How to get GitLab commits of a file using python gitlab module?
We are trying to get the commits of each file in a Gitlab repository. We are using the Python Gitlab module. We could get the commits of a repository but couldn't get the commits of individual files in the repository. Can someone help us with this?
The commit history of a single file is not exposed through the GitLab API directly. Therefore, there is no direct functionality for this in the python-gitlab gitlab
module.
However, you can obtain, effectively, the same information by using available APIs. Specifically, you can either use the repository commits API and diff APIs or the files blame API.
Using the commits API
For example, using the commits API, you can list all commits and their diffs, then associate file changes for each commit.
import gitlab
from collections import defaultdict
TOKEN = 'Your API Token'
gl = gitlab.Gitlab('https://gitlab.example.com', private_token=TOKEN)

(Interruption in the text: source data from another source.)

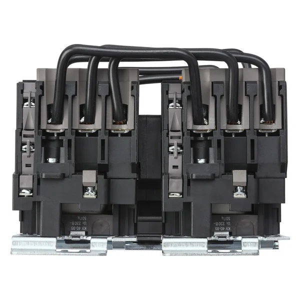 Контактор оснащён четырьмя вспомогательными контактами — двумя нормально открытыми (2 НО) и двумя нормально закрытыми (2 НЗ), что позволяет легко реализовывать схемы электрических и механических блокировок, автоматического управления, а также цепи индикации и сигнализации. Конструкция реверсивного контактора обеспечивает электрическую и механическую блокировку, предотвращающую одновременное включение противоположных направлений вращения двигателя.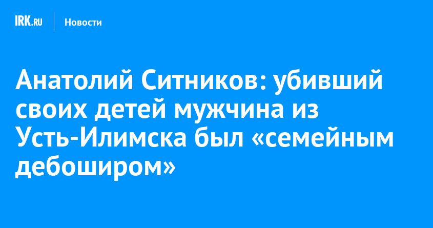 21 января во время пресс-конференции руководитель СУ СК России по Иркутской области Анатолий Ситников прокомментировал инцидент в Усть-Илимске, где погибли двое детей. Тела 8-летнего мальчика и 6-летней девочки с признаками насильственной смерти обнаружили 3 января. Подозреваемый в убийстве отец детей после совершения преступления нанес себе ранения ножом, от которых умер в больнице.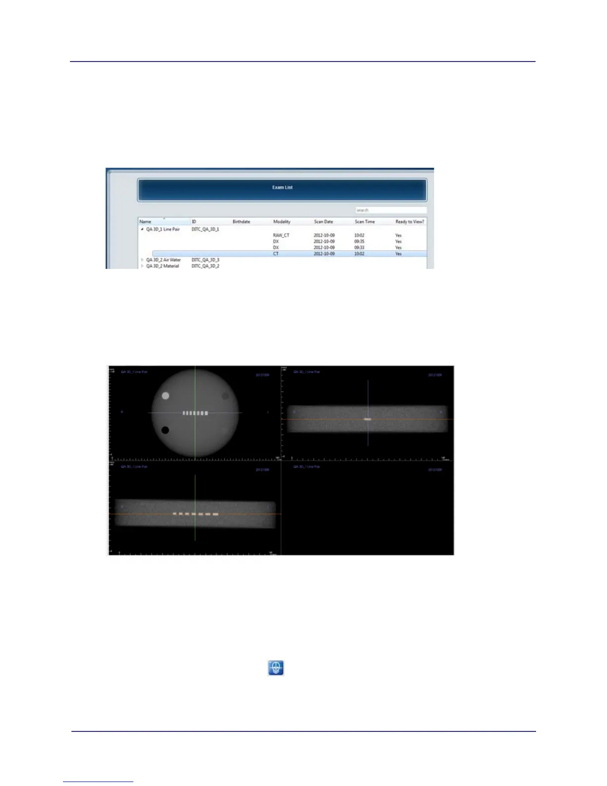 2. On Exam List, locate QA 3D_1 Line Pair exam with most current date. Double-click CT entry to load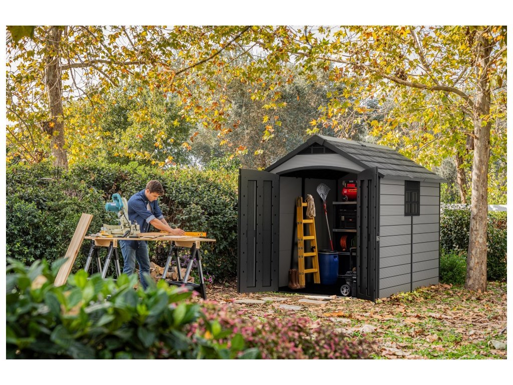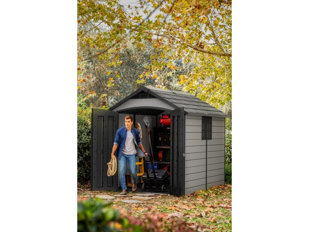 Zahradní domek Premier 759 je výbornou volbou, kde se kombinuje klasický design a výjimečná funkčnost. Premier 759 je prostorný a bezúdržbový - nerezne, nehnije, neloupe se a odolává vlivům nepříznivého počasí i UV záření. Podlahový panel chrání obsah před blátem a dešťovou vodou. Uzamykatelný s integrovanou dveřní západkou pro větší bezpečnost předmětů uvnitř. Vestavěný systém větrání pro dostatečné proudění vzduchu zabrání, aby předměty uvnitř hnily nebo plesnivěly. Díky střešnímu oknu dovnitř proniká světlo.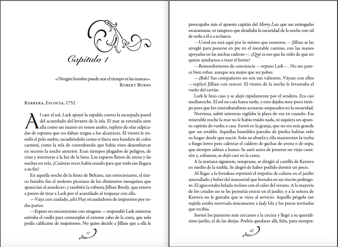 En esta colaboración con Libros de Seda podemos mostrar parte de los trabajos que habitualmente realizamos para esta editorial: maquetación y diseño interior y corrección de textos. Con El laird desterrado, de Laura Frantz, emprendimos un viaje literario por Escocia, Virginia y Jamaica del que volvimos con una aventura más en la mochila de Rasgo Audaz.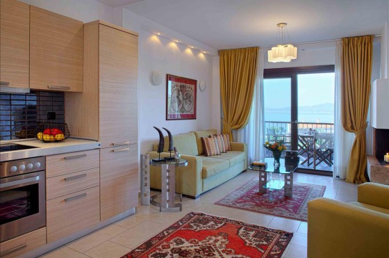 5 Athos Deluxe Villas (80 м2) Расположены на 2-ом этаже. Двухуровневые виллы (в стиле мезонеты). Каждая со своим стилем. На виллах: большой меблированный салон с камином, полностью оборудованная кухня, столовая, 2 спальни, 2 ванные комнаты с душем, внутренняя деревянная лестница, балкон, частный сад, вид на море (берег Комицы). Возможное размещение до 4-5 взрослых.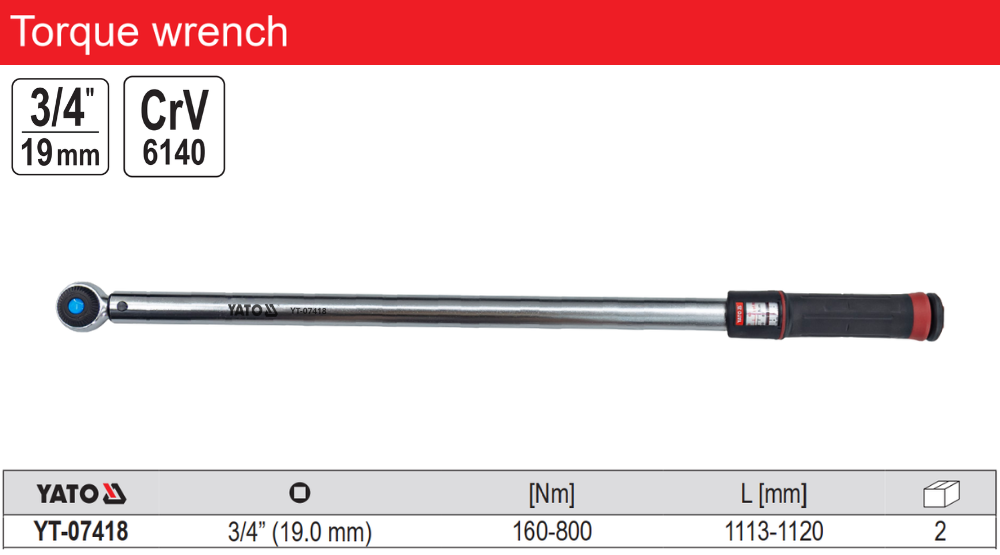 Key Features of 3/4" Torque Wrench Yato YT-07418

project = gl.projects.get(1234)
commits = project.commits.list(all=True)
# file paths and a list of commits which create/modify/delete the file
file_map = defaultdict(list)
for c in commits:
diff = c.diff()
files_changed = set()
for change in diff:
files_changed.add(change['old_path'])
files_changed.add(change['new_path'])
for path in files_changed:
file_map[path].append(c)
# show list of commits which modified README.md
print(file_map['README.md'])
Using the blame API
Using the commits API requires obtaining the diff for every commit, which can take a long time on large repositories.

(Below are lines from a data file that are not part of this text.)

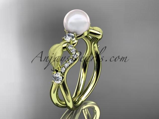 14k yellow gold diamond pearl vine and leaf engagement ring AP68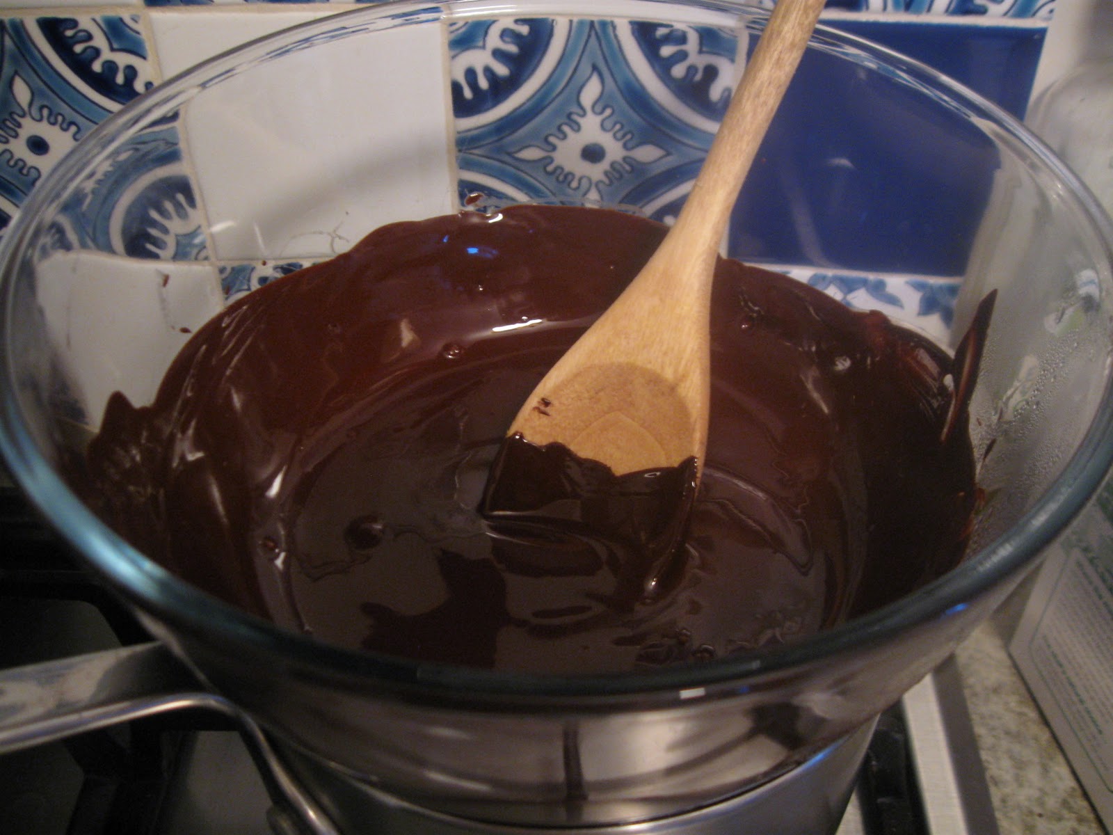 I was tempted to do many things that Martha would no doubt disapprove of, such as melt the chocolate directly in the pan, as pictured above. I could envision her tut-tutting, however, and it was spoiling my enjoyment of the process, so I decided to be well-behaved. Anyhow, melting chocolate the proper way produces a much lovelier meltiness - if you do it directly in the pan, you have to be on it 100% as it just sticks and burns extremely quickly and comes out a rather sticky sort of melted, whereas if you do it in a glass bowl over a pot of boiling water it creates a thick, velvety sort of meltedness. And the sound of a wooden spoon wading thickly through chocolate and pinging off the side of a glass bowl is one of my favourite sounds in the world, it is a very comforting, nostalgic sort of noise.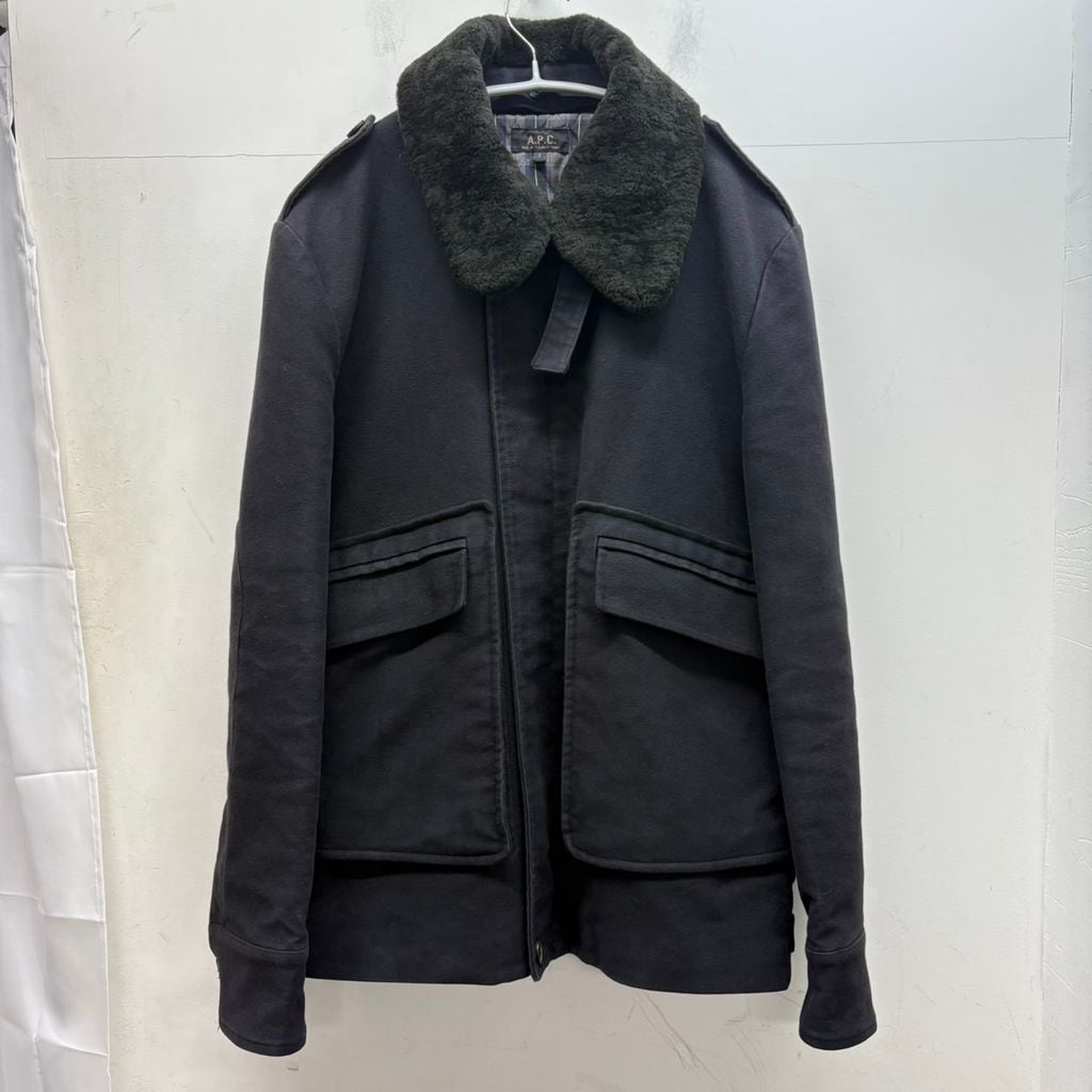 A.P.C アーペーセー 90s Moleskin Boa Collar Jacket フライトジャケット ネイビー size:3【中目黒B01】

If you're only interested in the commits which change a single file, traversing the blame tree can be more efficient. However, note that you may also miss commits (for example, commits in other branches or diverged trees) using this method.

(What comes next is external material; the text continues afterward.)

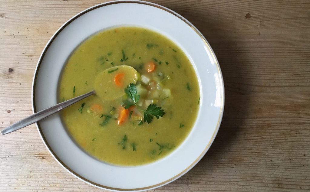 1 Zwiebel fein hacken und in 1 EL Butter andünsten. 300 g mehlig kochende Kartoffeln, 100 g Sellerie und 1 Rüebli in Würfel schneiden. 200 g Lauch längs halbieren und in Streifen schneiden. Gemüse beifügen und mitdünsten. Mit 1,5 l Gemüsebouillon aufgiessen. Etwa 25 Min. köcheln lassen. Eine Kelle Gemüse aus der Suppe nehmen und beiseite stellen. Suppe durchs Passe-vite drehen. Gemüsestücke wieder zur Suppe geben. Mit Muskatnuss und allenfalls etwas Salz abschmecken. 1 Handvoll glattblättrige Petersilie grob hacken und zur Suppe geben. Quelle: Splendid Delikatessen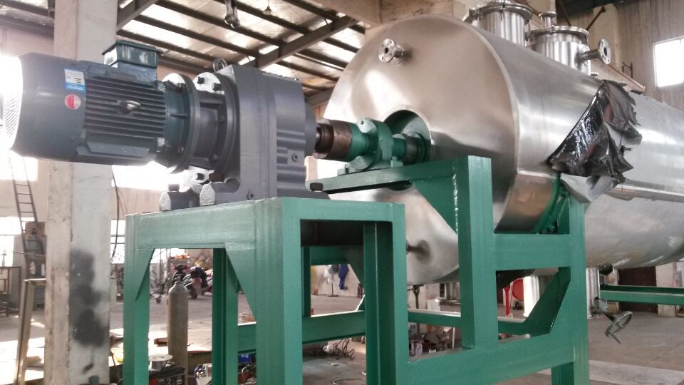 ZB型真空耙式干燥机设备特点 用途 医药、食品、化工等行业进行以下物料干燥 ◆ 适用于浆状、膏糊状、粉状物料。 ◆ 要求低温干燥的热敏性物料。 ◆ 易氧化、易爆、强刺激、剧毒物料。 ◆ 要求回收有机溶剂的物料。 特点 ◆ 本机采用夹层与内搅拌同时加热方式,传热面大,热效率高。 ◆ 本机设置搅拌,使物料在筒内形成连续循环状态,进一步提高了物料受热的均匀度。 本机设置搅拌,从而可顺利进行浆状、膏状、糊状物料干燥。   ZB型真空耙式干燥机技术参数 | 项目 | 机型 | 名称 | 单位 | ZB-500 | ZB-750 | ZB-1000 | ZB-1500 | ZB-2000 | ZB-3000 | ZB-4000 | 工作容积 | L | 300 | 450 | 600 | 900 | 1200 | 1800 | 2400 | 加热面积 | m2 | 3.2 | 4.4 | 5.1 | 6.3 | 8.7 | 10.6 | 12.3 | 搅拌转速 | rpm | 8~18 | 功率 | kw | 4 | 5.5 | 5.5 | 7.5 | 7.5 | 11 | 15 | 夹层设计压力 | MPa | 0.3 | 筒内压力 | MPa | -0.096~0.15 |

def search_blame(project, filename, base_ref=None):
if base_ref is None:
base_ref = project.default_branch
commits = set()
refs_to_check = [base_ref,]
seen = set()
while refs_to_check:
ref = refs_to_check.pop()
if ref in seen:
continue
seen.add(ref)
blame = project.files.blame(filename, ref)
for change in blame:
commit_id = change['commit']['id']
if commit_id not in seen:
refs_to_check.append(commit_id)
refs_to_check.extend(change['commit']['parent_ids'])
for c in change['commit']['parent_ids']:
commits.add(c)
commits.add(commit_id)
return commits
# show commits in blame tree for README.md
# only includes commits in the default branch
print(search_blame(project, 'README.md'))